WHERE IN THE HELL AM I?




I am sitting atop a swiveling bar stool in a basement in Wheeling, WV, where I am surrounded by sound equipment, microphones, and the air of anticipation. Across the room an HD television mounted on the wall is showing the Virginia and Miami college football game which is kicking off a weekend of college football. The small gathering bounces between watching the game and conversations about snapchat and tik-tok, politics, and work. I take an occasional sip of my Blue Moon and slowly munch on a slice of DeFelice pizza, absorbing my surroundings with a comfortable, self-imposed isolation. I cannot avoid the one question I formulated earlier as I walked down the stairs to the basement with a white Pomsky answering to Hazel traipsing ahead of me: "Where in the hell am I?"

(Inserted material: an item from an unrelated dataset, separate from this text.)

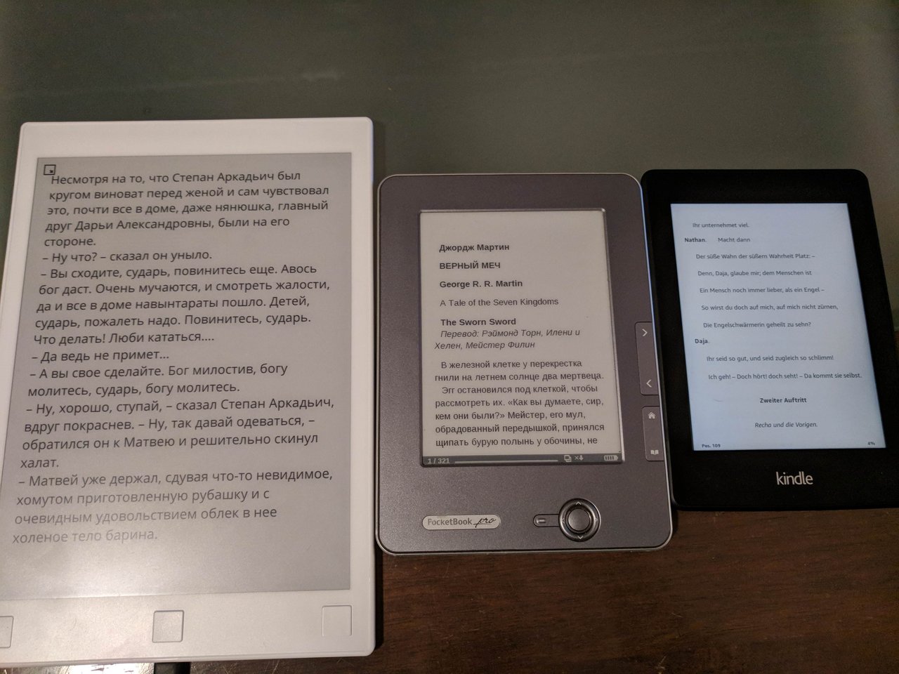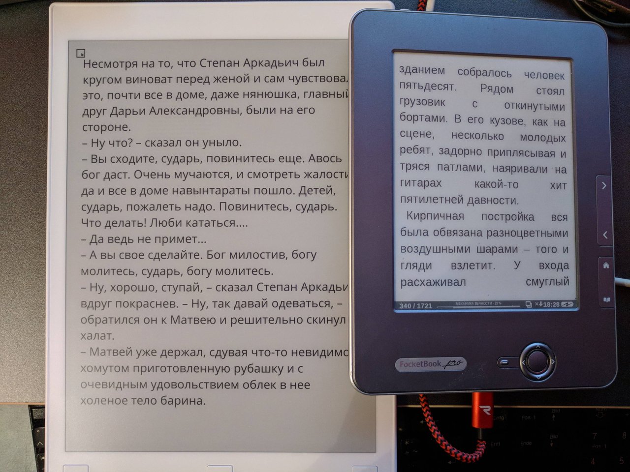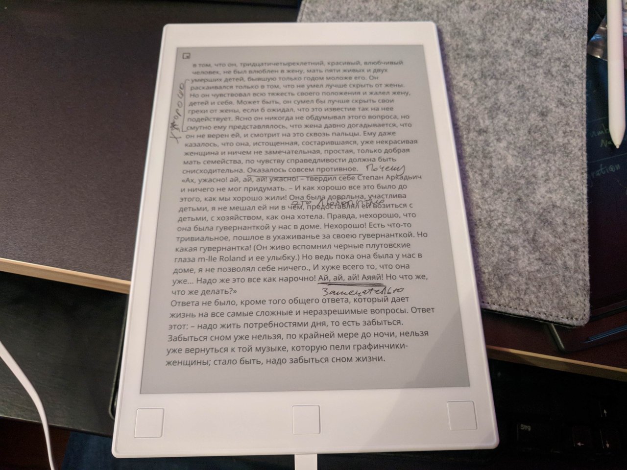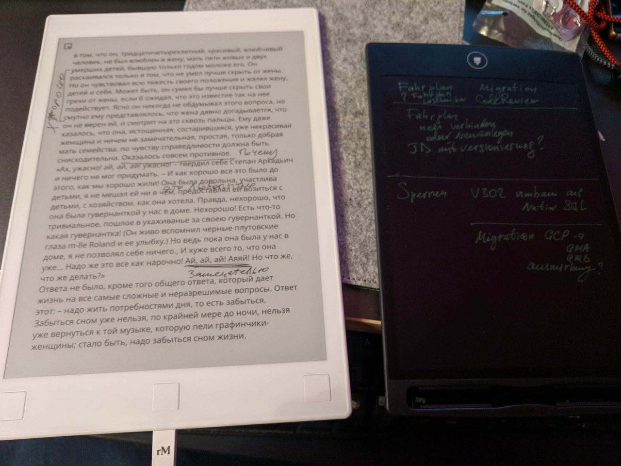 А вот рядом с pocketbook-ом. Как читалка я думаю reMarkable никакой. Во первых здоровый. Такой большой экран имхо для читалки не нужен. Во вторых экран какой то серый, даже в сравнении со стареньким покетбуком, не говоря уже про относительно недавний киндл. Подсветки тоже нет. Приложение для чтения книг тоже совсем простенькое. Долго загружает книгу, если поменять размер шрифта, то очень долго пересчитывает все. Пол минуты на Анну Коренину тратится. Читать на нем книги я не буду. Только может PDF-ы. на PDF-ах можно делать заметки поверх, но они опять же зачаточные. Нельзя отмечать слово, а можно только обвести его. Каталог заметок не создается.То-есть надо листать PDF, что бы найти заметку. Если шрифт поменять, то все заметки становятся ни к селу ни к городу. . В том же покетбуке семилетней давности заметки более продвинутые.

I am at a live recording of The Juicebox Podcast. As the late Stan Lee, long-time publisher and soul of Marvel Comics, would always say:  'nuff said.

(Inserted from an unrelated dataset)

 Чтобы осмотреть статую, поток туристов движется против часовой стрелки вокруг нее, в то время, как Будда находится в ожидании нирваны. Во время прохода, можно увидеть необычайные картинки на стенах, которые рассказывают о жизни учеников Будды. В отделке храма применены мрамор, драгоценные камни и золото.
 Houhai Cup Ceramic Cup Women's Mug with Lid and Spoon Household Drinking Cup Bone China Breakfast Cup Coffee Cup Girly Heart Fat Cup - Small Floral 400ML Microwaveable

Juice, Zar, and Punch, are The Juicebox Podcast regulars. Each will probably individually tell you that he is the "talent." Two brothers and their friend began the podcast months ago, learning by doing, succeeding by failing, and changing while remaining the same. It is all good though because they are on a journey to create something special for themselves with the hopes of giving their listeners a sampling of what life means from their viewpoint.

Once the intro music starts and the guys begin, I brace myself for the unexpected. You see, I have been listening to this podcast from the first episode and have graciously accepted their offer to email suggestions and questions. On  more than one occasion, I have asked if they really need to curse as much as they do, and I have expressed my eye-roll about the long drinking stories and sophomoric tendencies. The response has been "Sorry, Uncle A.J., we are going to keep on using those words." My suggestion simply emboldened them. But, I have to respect their decision to do their own thing despite my honest protestations.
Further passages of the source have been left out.